A pioneering program at the University of Houston to put more math and science teachers into Houston-area classrooms is growing rapidly as more and more Cougars answer the call to educate the next generation.

Enrollment in teachHouston, which started with 14 students in the spring of 2007, has swelled to more than 120 this semester. This innovative new teacher training program encourages some of the most promising math and science majors at UH to pursue teaching careers. Its success has caught the attention of the nation's leading school reformers and philanthropists.

If fully funded, teachHouston could produce as many as 100 top-tier math and science teachers annually for local schools. But to accommodate this growth the program will need more money for student scholarships. That is why former UH regent John Cater and other community leaders are launching a new fundraising campaign to ensure tomorrow's teachers have the support they need.

Taking On Public Schools' Toughest Challenge

It is no coincidence that UH is at the forefront of tackling the shortage of math and science educators as the challenges facing the state and the region are particularly daunting. More than 40 percent of Texas secondary students are taught by teachers who didn't even major in the subject they teach.

The result: Fewer than one in four high school graduates in Texas is ready for college-level science. And while in China 42 percent of all college graduates earn degrees in science or engineering, only 5 percent of American graduates do so.

Indicators show that U.S. students are falling behind their global peers in math and science and yet recruiting competent and passionate teachers in these subjects remains one of education's most intractable dilemmas. To address this growing shortage teachHouston – a joint effort between the UH College of Natural Sciences and Mathematics and the College of Education – tries a different approach to teacher training.

The program cultivates its students' interest in teaching by pairing them with master teachers at UH and gives them classroom experience as early as their freshman year. Science and math majors who enroll in teachHouston are assigned a mentor teacher at a Houston-area public school. They observe veteran educators in action and then deliver math and science class lessons themselves.

The compact degree plan, which also includes financial assistance, allows students to work toward their teacher certification as they complete their science or math degree. The program is modeled after UTeach, a widely-acclaimed project at the University of Texas with a proven track record of producing first-rate educators with a passion for teaching.
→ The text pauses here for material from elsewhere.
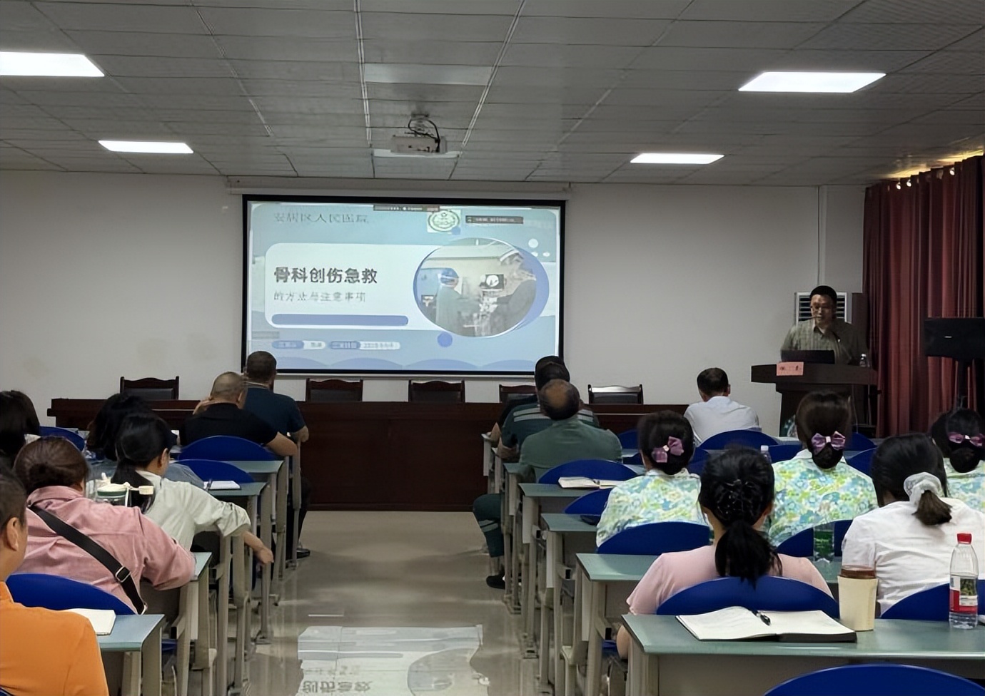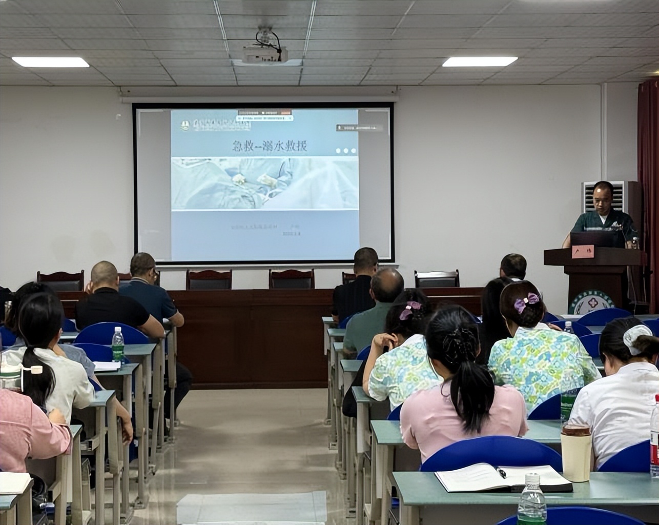 会上,急诊科主治医师刘彪以《救治现场检伤分类技术》;急诊科副主任医师卢伟以《溺水救援》;普外、肛肠、神经、烧伤外科主治医师殷俊以《开放性腹部损伤的应急救治及注意事项》;肝胆、泌尿、胸外科主治医师陈伟以《创伤性血气胸的救治措施》;骨科、创伤、血管外科医师倪虎以《骨科创伤急救的方法与注意事项》进行专题授课。

While half of new teachers leave the profession within five years, 80 percent of UTeach graduates are still in the classroom after five years.
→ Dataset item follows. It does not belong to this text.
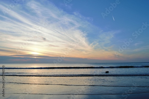 sunset, beach, sea, water, sky, silhouette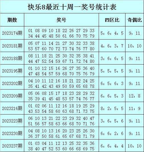 福彩快乐8第2023237期(上周一)开奖回顾:01 03 04 11 12 13 25 32 35 36 38 40 47 52 53 60 66 68 69 75,其中奖号四区比为6:6:4:4奇偶比为10:10。

Supporting Tomorrow's Teachers Today

The National Math and Science Initiative (NMSI) – an education philanthropy funded by the ExxonMobil Corp., the Bill and Melinda Gates Foundation and others – recently gave UH $2.4 million to start a program similar to UTeach. UH's teachHouston was among a dozen such replication projects undertaken at universities across the country and now boasts the largest enrollment.

Grants covered the program's administrative costs but additional funds are needed for student assistance. Many of UH's brightest science and math majors are foregoing much more lucrative careers because they are committed to educating the next generation of scientists and engineers. The money raised in the teachHouston fundraising appeal this year will be used exclusively for scholarships, work-study stipends and paid internships for teachHouston students. NMSI will match gifts, doubling the impact of each donated dollar.

These math and science students have a passion for teaching even though they will make tens of thousands of dollars less than their peers in the private sector. Scholarships will allow teachHouston's aspiring educators to pursue public service careers without having to worry about crushing student loan debt.